Place the Biochemistry.csv file generated by BadMedicine into the ForLoading directory of your load (e.g. C:\temp\biochem\Data\ForLoading).

Right click the [LoadMetadata] and select 'Check and Execute'

Command Line: This can be done from the CLI using:

./rdmp.exe dle -l "LoadMetadata:*Biochemistry" --command check

If the checks propose changes such as creating the archive trigger you should accept them.
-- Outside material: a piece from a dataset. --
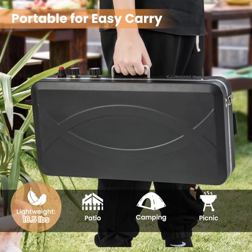Portable for Easy Carry & Details: The grill measures 23" x 11" x 25" / 58 cm x 28 cm x 63.5 cm (L x W x H) in folding size, and weighs about 16.5 lbs/7.5kg for your backyard or on the go. Handle and lockable latch also provide great convenience. Breathable air vents can accelerate air flow and heat radiation. Removable grease collector is for easy cleaning. Foldable wind guard shields the griddle from elements.

If you are unsure if it worked you can run the checks again.

When running from CLI check fixes are automatically accepted.

Run the data load engine by pressing the green go button.

Command Line: This can be done from the CLI using:

./rdmp.exe dle -l "LoadMetadata:*Biochemistry" --command run

If your load fails and you are able to fix the problem then you must run the checks again before trying to execute the load again (this also applies to CLI use).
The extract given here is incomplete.